Justice Minister Charlie Flanagan has said he is concerned at the “contents” of a report by the Inspector of Prisons into allegations of illegal surveillance of prison officers.

Prison inspector Patricia Gilheaney was ordered by Mr Flanagan to conduct an inquiry into a series of allegations made in an affidavit by Assistant Chief Officer David McDonald.

Details of the claims, revealed in the Irish Examiner last November, centre around the alleged illegal tracking of prison officers' cars and the monitoring of conversations.

These alleged actions are purported to have been part of an operation investigating suspected smuggling of drugs and mobile phones into prison.

There are also allegations that a private detective firm was given false identities in order to access a prison and install CCTV cameras with the footage viewed externally.

Mr McDonald also made a number of detailed claims around shortcomings on how deaths in custody were dealt with, but these were not included in the inspector’s report.

Ms Gilheaney's inquiry, conducted under Section 31 of the Prisons Act 2007, was tasked with examining “allegations of improper surveillance and other wrongdoing in prisons”.

The Irish Examiner understands that the inspector has also received, and investigated, claims from at least one other staff member in relation to similar allegations.

Speaking at the annual conference of the Prison Officers' Association in Sligo, Mr Flanagan said he had received the report.

“I've read a copy of it,” he told the media. “I'm concerned as to its contents.”

He has forwarded it to the Attorney General for a legal review and said it was “under consideration” by that office.

“I would expect it back in the coming weeks and will give the matter further consideration at that point,” he said.

Asked would he publish it, or as much as legally possible, he said: “I will give it consideration.

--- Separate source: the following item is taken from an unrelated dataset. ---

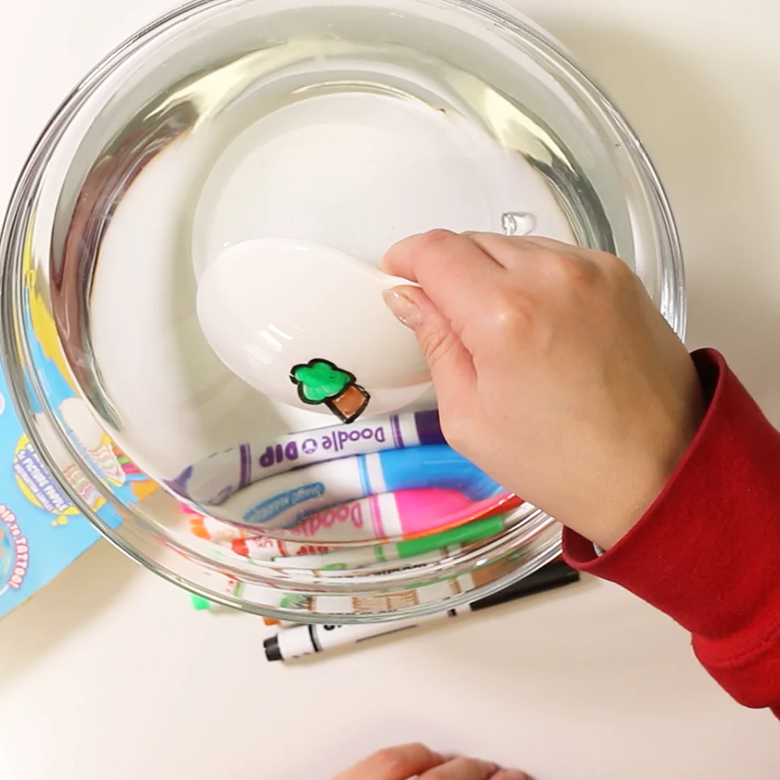 Disfruta de una creatividad sin límites y deja volar tu imaginación dibujando y flotando tus propias imágenes para darles vida. Una vez sumergidas en el agua puedes ponerlas en tus manos o brazos como un tatuaje temporal. Seguro para la piel – Seguro para el desagüe – Fácil de limpiar – Sin manchas

One of the reasons it's with the Attorney General is to prepare it for finality.

I expect to give it early consideration as soon as it hits my desk.

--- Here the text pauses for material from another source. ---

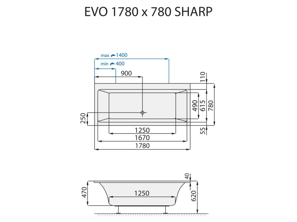 Santech OBDÉLNÍKOVÁ VANA EVO SHARP, 178x78 cm - SAEVO178-SH + dárek nohy k vaně Santech ZDARMA

Under Section 31 of the 2007 Act, the Minister is obliged “as soon as practicable” to publish the report and lay it before the Oireachtas, except it certain broad situations.

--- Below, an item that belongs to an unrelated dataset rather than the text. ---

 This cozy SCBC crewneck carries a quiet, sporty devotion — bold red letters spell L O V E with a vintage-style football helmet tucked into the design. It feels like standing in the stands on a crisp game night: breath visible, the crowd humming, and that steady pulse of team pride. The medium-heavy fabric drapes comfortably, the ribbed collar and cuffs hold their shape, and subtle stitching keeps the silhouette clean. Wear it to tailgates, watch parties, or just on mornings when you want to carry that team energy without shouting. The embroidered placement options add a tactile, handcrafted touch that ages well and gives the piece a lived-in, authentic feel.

These are if publication would be “prejudicial to the security of the prison or of the State”; if it would be “contrary to the public interest” or if it might “infringe the constitutional rights of any person”.

The Irish Examiner reported last November that the whistleblower allegations involved:

  • Tracking devices placed on several prison service vehicles and in the private cars of prison officers;
  • The drivers of the prison vehicles, and the prison officers whose private cars were tracked, were unaware of the surveillance;
  • Some of these devices remained in place over a long period and intelligence gathered was passed to gardaí;
  • Listening devices were put in the visitor area of one prison to gather information and, in some instances, these devices were in place when prisoners had conversations with their solicitors;
  • Personnel from the private detective agency were provided with false identities to enter the prison and install covert surveillance cameras and the images from the cameras were beamed to another location
  • The Department of Justice informed the Public Accounts Committee last February that the Irish Prison Service paid two private detective companies a total of €30,000 in 2011 and 2012.

    But the secretary general of the department Aidan O’Driscoll said it was not possible from the information available “to determine if these payments relate to the surveillance of prison staff”.

    He said a copy of the invoices had been forwarded to the Inspector of Prisons for her investigation.